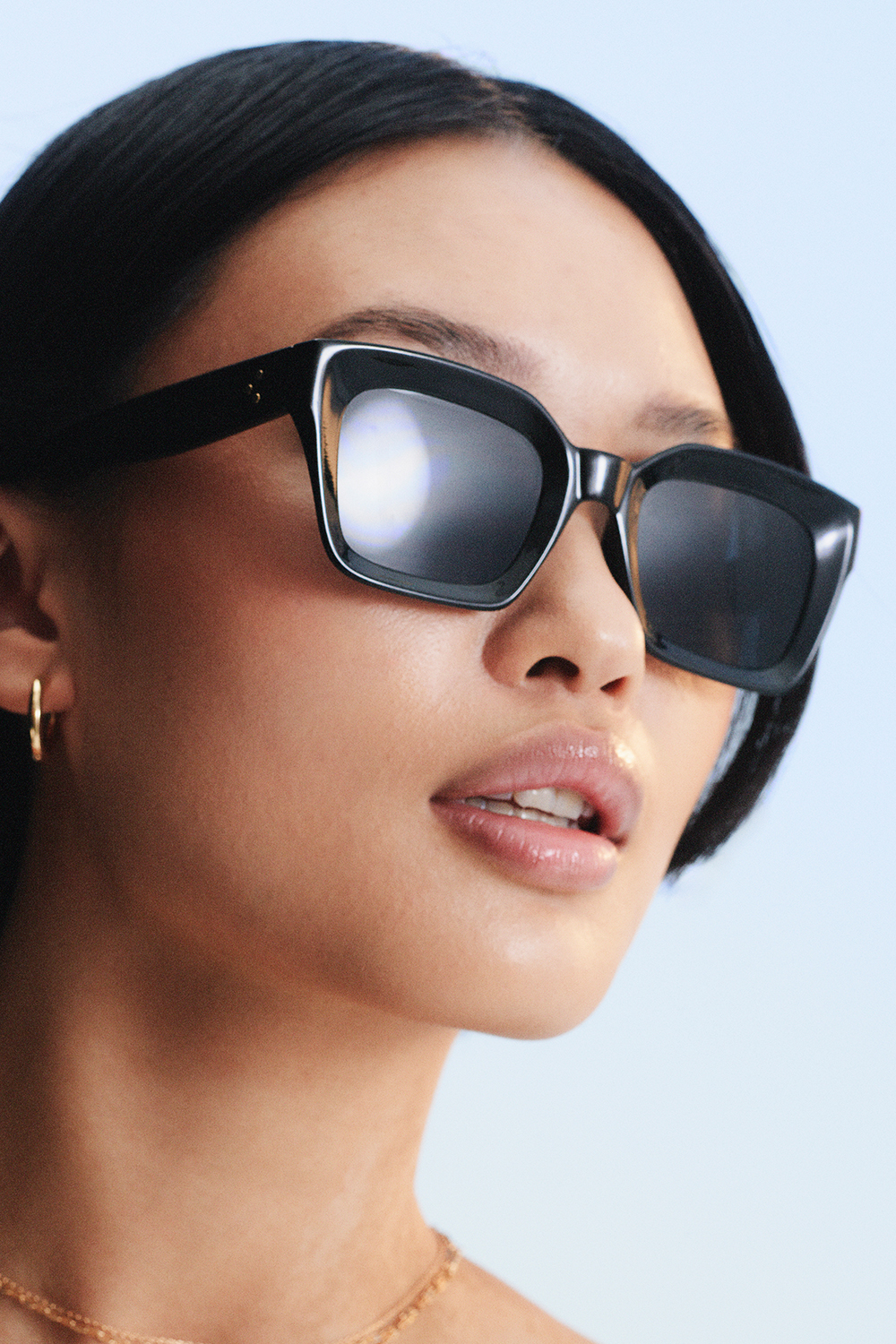 Solbrillerne har en firkantet form og findes i enten nude eller sort. Solbrillerne har tonede linser, som giver 100% UV-beskyttelse, kategori 3, CE-mærkede.
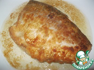 Обжарить на небольшом количестве масла на среднем огне. 5-7 минут с одной стороны без крышки и 5-7 мин с другой стороны, накрыв крышкой.
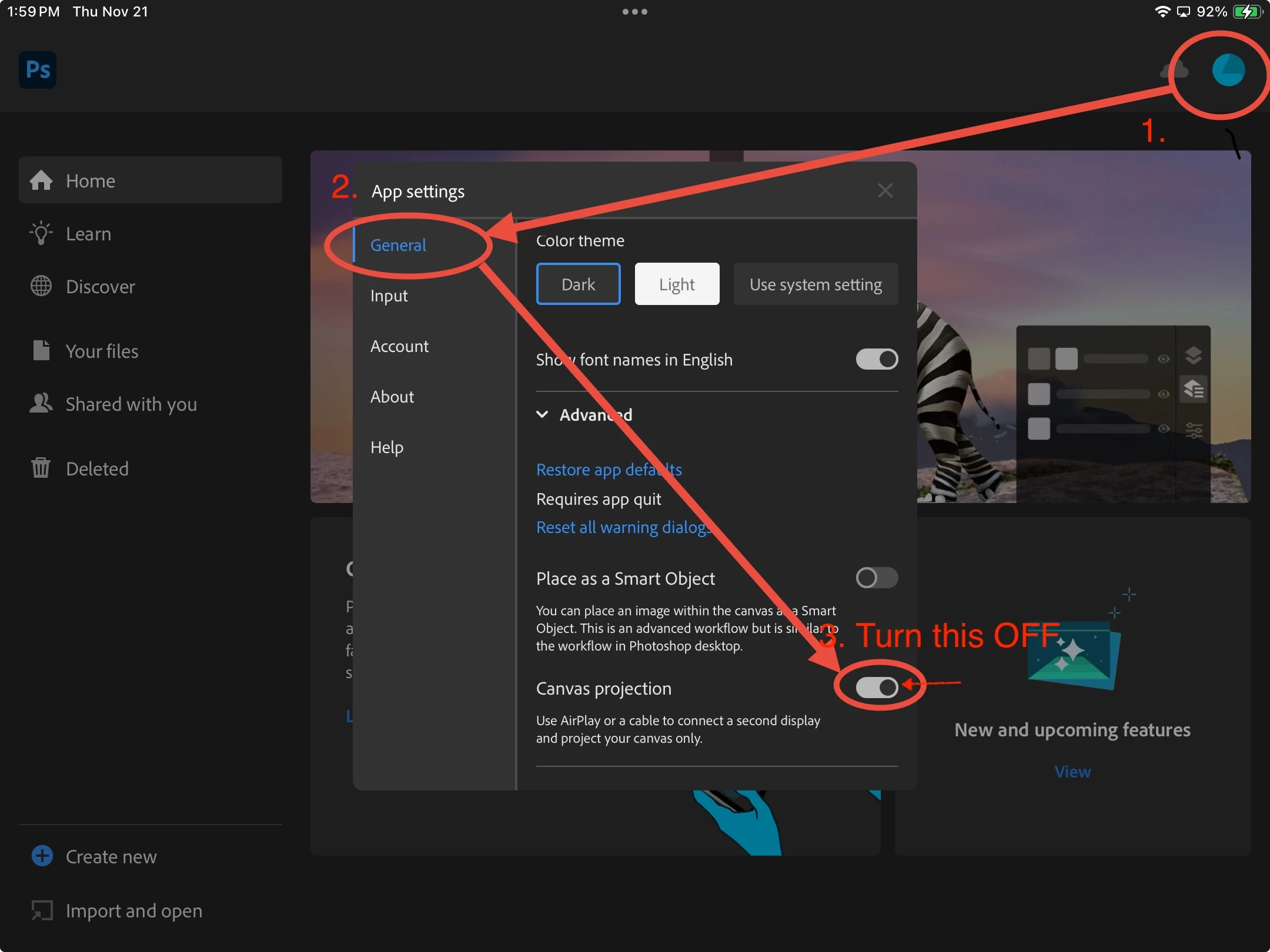 How do I screenshare my photoshop on my ipad to my apple TV AND project the entire workspace?
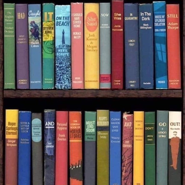 Another thing one can do when one has a lot of books—and surplus time—is play the “book-spine” challenge that is going around, wherein you stack books from your own library side-by-side so their titles combine to form a message for our times. I’d like to see Marie Kondo do this:
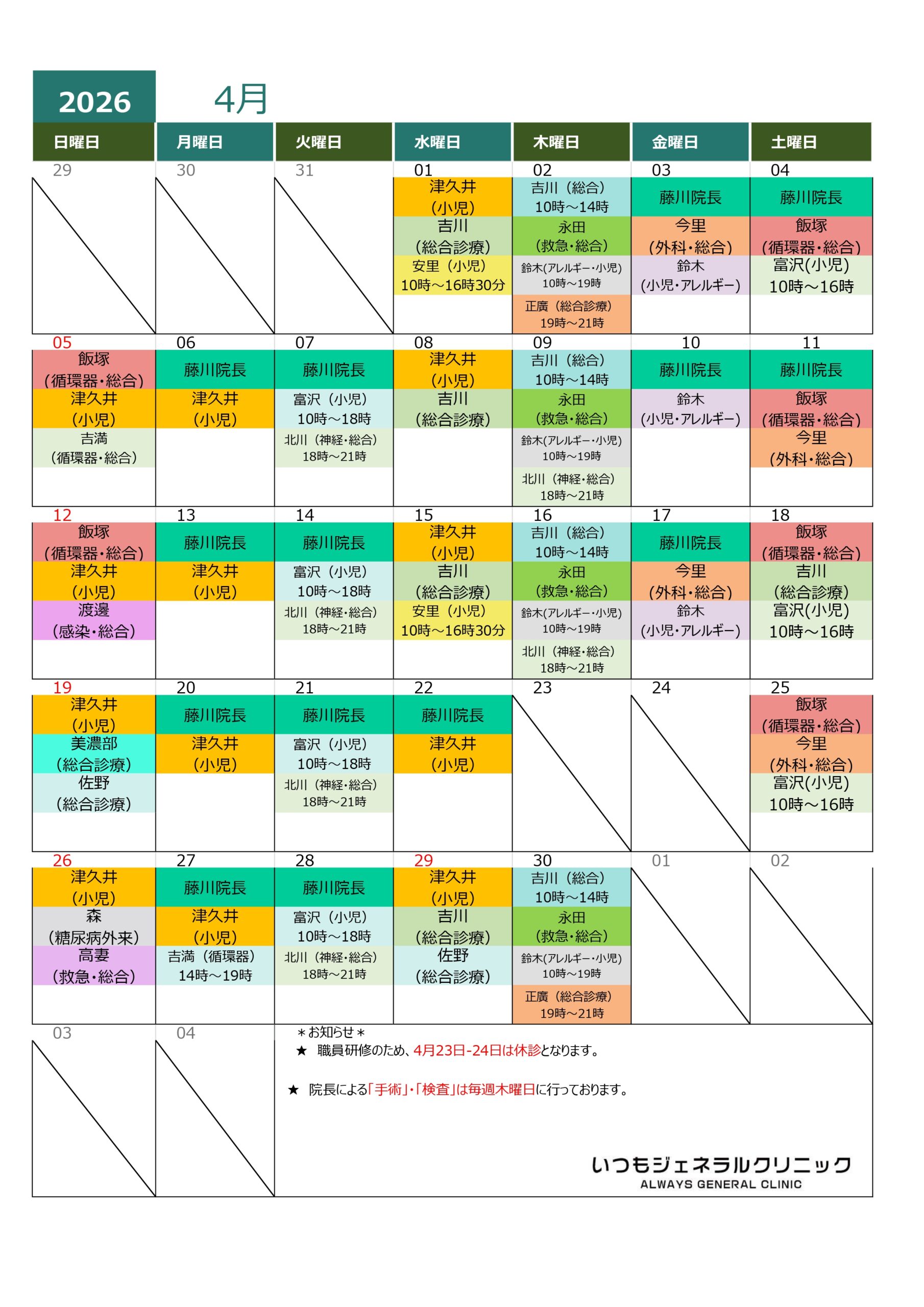 ★毎月最終金曜日は診察時間が10:00~14:00となります。
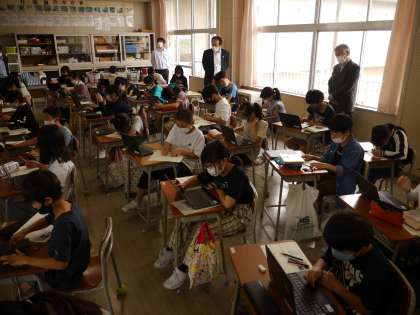 令和3年度第1回学校評議員会が行われました。学校評議員の方々に各学年の学習を参観していただいた後、学校経営方針や学校評価(アクションプラン)等を説明し、これからの取組についてご意見をいただきました。
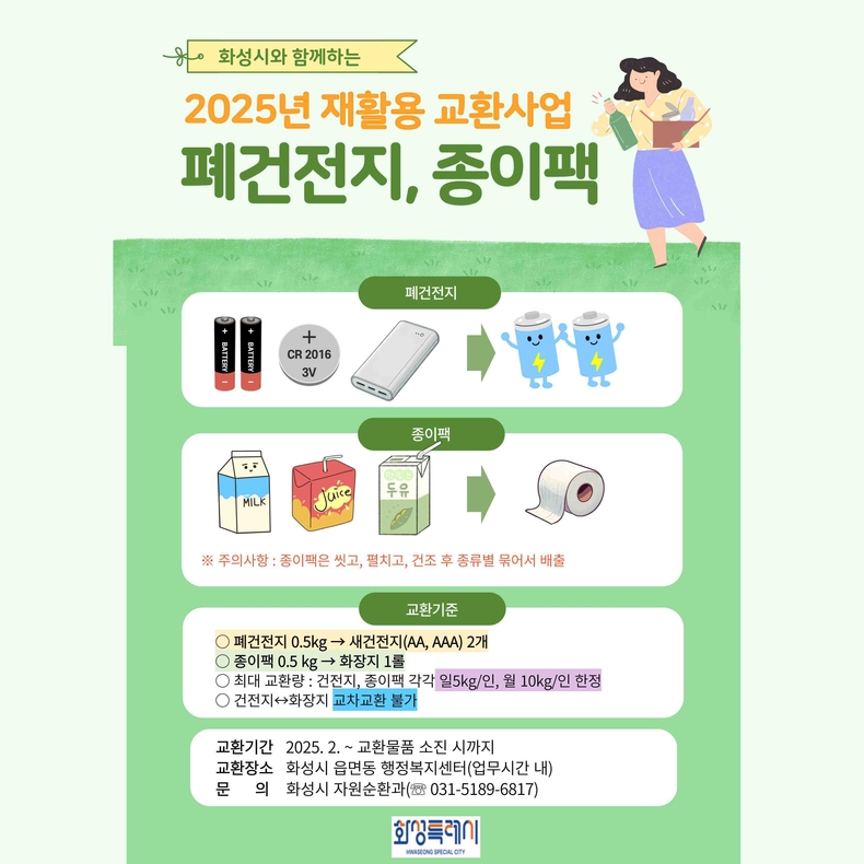 경기뉴스광장 정일수 기자 |화성특례시가 폐건전지와 종이팩의 올바른 배출을 유도하고 시민들의 분리배출 관심을 높이기 위해 ‘재활용품 교환사업’을 올해 2월부터 실시하고 있다고 26일 밝혔다.
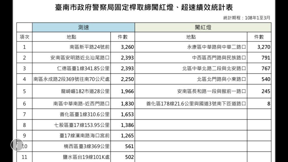 注意!台南市1至3月十大「吸金」測速照相 一次告訴你

####

* EXERCISE GOAL *
Please return the whole listing exactly. Do not copy its images.

* TASK ANSWER *
 Solbrillerne har en firkantet form og findes i enten nude eller sort. Solbrillerne har tonede linser, som giver 100% UV-beskyttelse, kategori 3, CE-mærkede.
 Обжарить на небольшом количестве масла на среднем огне. 5-7 минут с одной стороны без крышки и 5-7 мин с другой стороны, накрыв крышкой.
 How do I screenshare my photoshop on my ipad to my apple TV AND project the entire workspace?
 Another thing one can do when one has a lot of books—and surplus time—is play the “book-spine” challenge that is going around, wherein you stack books from your own library side-by-side so their titles combine to form a message for our times. I’d like to see Marie Kondo do this:
 ★毎月最終金曜日は診察時間が10:00~14:00となります。
 令和3年度第1回学校評議員会が行われました。学校評議員の方々に各学年の学習を参観していただいた後、学校経営方針や学校評価(アクションプラン)等を説明し、これからの取組についてご意見をいただきました。
 경기뉴스광장 정일수 기자 |화성특례시가 폐건전지와 종이팩의 올바른 배출을 유도하고 시민들의 분리배출 관심을 높이기 위해 ‘재활용품 교환사업’을 올해 2월부터 실시하고 있다고 26일 밝혔다.
 注意!台南市1至3月十大「吸金」測速照相 一次告訴你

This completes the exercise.